Students who want to live near campus will soon have another option for housing. A new apartment complex, University Lofts, is currently under construction and is expected to be completed and open before  January 2019. The apartments are being developed by the University of Indianapolis and Strategic Capital Partners.

This is the second student housing project SCP has worked on with UIndy. The first was the Greyhound Village apartments in 2016, according to SCP. When the construction is finished the building will have 118 units, with 300 beds, according to the SCP.

Although the apartments are being built by the University, they will still be considered off-campus housing, according to University President Robert Manuel. Their location will also give students quick access to IndyGo’s planned rapid-transit Red Line which is expected to begin operations in 2019, Manuel said.

An official ceremony for the construction of the apartments took place on April 10 at the building site, located at 1340 National Avenue on the North side of UIndy’s campus. The ceremony had remarks from Manuel, Indianapolis Mayor Joe Hogsett, Secretary of the University Board of Trustees Rob Terry and SCP Senior Vice President for Construction and Development Will Zink.

According to Manuel, the project is expected to cost around $20.5 million and is an important part of the university’s Vision 2030 strategic plan. Vision 2030 is the blueprint for UIndy’s plans to develop the campus and surrounding area by investing more than $50 million for capital investments, according to Manuel.

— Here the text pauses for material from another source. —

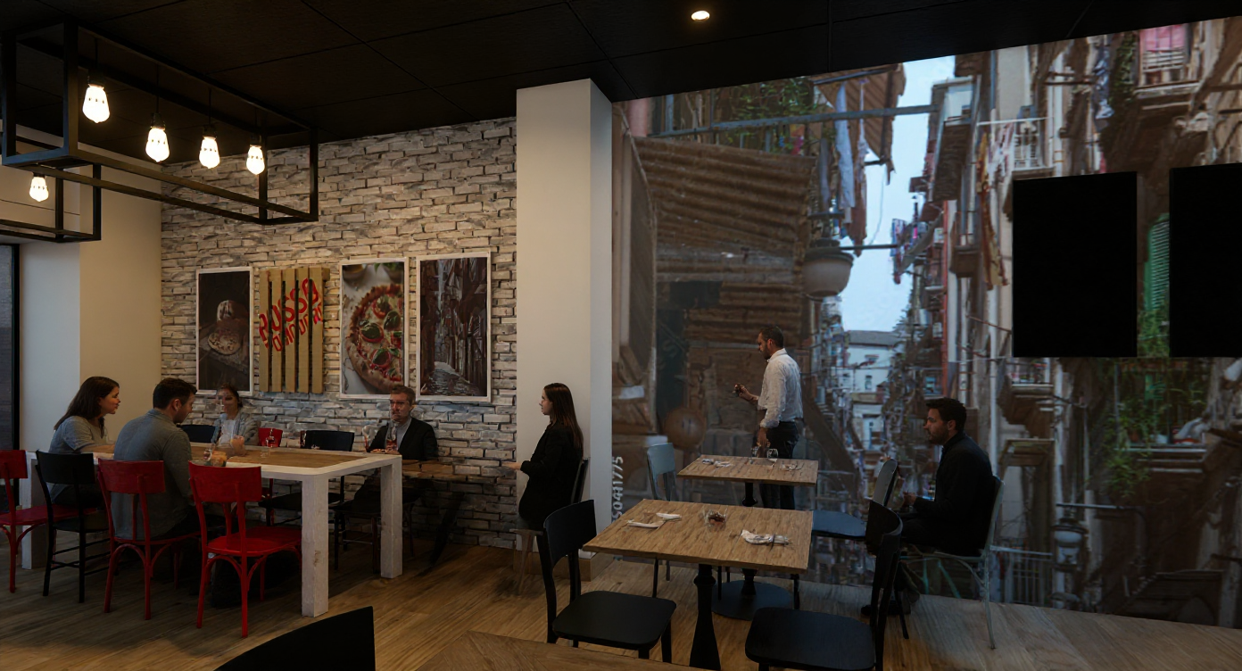transform the provided restaurant interior image into a high end photorealistic render do not change the materials do not change the proportions do not chnage or add furniture only render the existing materials more photo realistic the brick is white bleached brick with light colored groun the photo on the wall is a wall paper the red black and white chairs are all on painted wood which shows some of the wood grain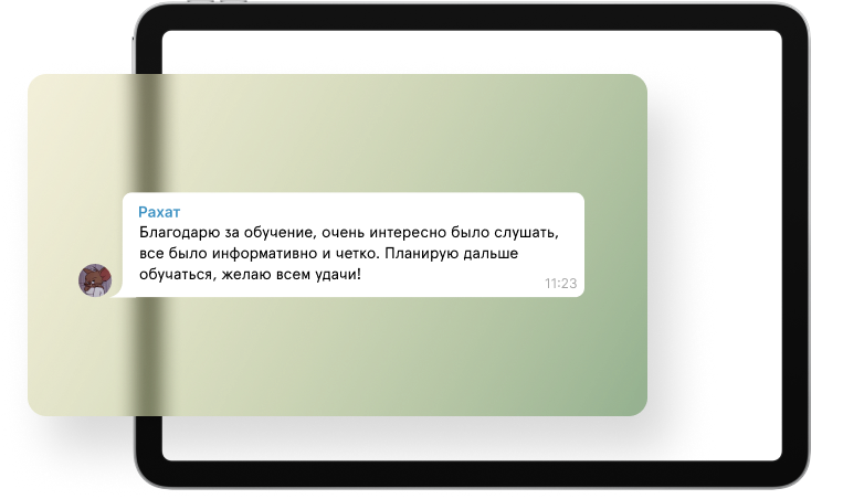 Благодарю за обучение, очень интересно было слушать, все было информативно и четко. Планирую дальше обучаться, желаю всем удачи!

“University Lofts is an important part of our University’s strategic plan to enhance the student experience and elevate the quality of life for our neighbors in the surrounding neighborhoods,” Manuel said at the ceremony. “[The development] radiates a wave of positive impacts by extending our reach to deliver important city [Indianapolis] needs with programs and facilities.”

Both Manuel and Hogsett said that the project will help improve the quality of life for the community and UIndy students. They also agreed that it would allow for UIndy to have a deeper connection to the city of Indianapolis.

“University Lofts…provides an ideal space for our city’s students to live, learn and grow together,” Hogsett said. “Thanks to the visionary efforts underway at University of Indianapolis and in the surrounding area, our city will continue to thrive for generations to come.”

Zink said that SCP was proud to be working with UIndy on the development of more student housing, saying that it would lead to a “renaissance” on the South side of Indianapolis.

“With University Lofts, Greyhound Village apartments and the many other creative developments near campus, these [developments] will make the South side a major destination,” Zink said.

Sophomore religion major and incoming Indianapolis Student Government president Jamarcus Walker said that, as a student who lives four hours away, University Lofts would give him, and other students who live far away, a place to say year-round when he cannot go home for breaks or holidays.

Walker also said that he thought that University Lofts would provide more connections for those who currently live on campus or would want to live near campus and would have a positive impact on campus life.

“When students are closer to campus, they are more involved with activities [on campus],” Walker said. “…Having that accessibility to campus will create a lot more interaction between students and the university, but also giving that ability to be off-campus and not worry about what is going on [on campus].”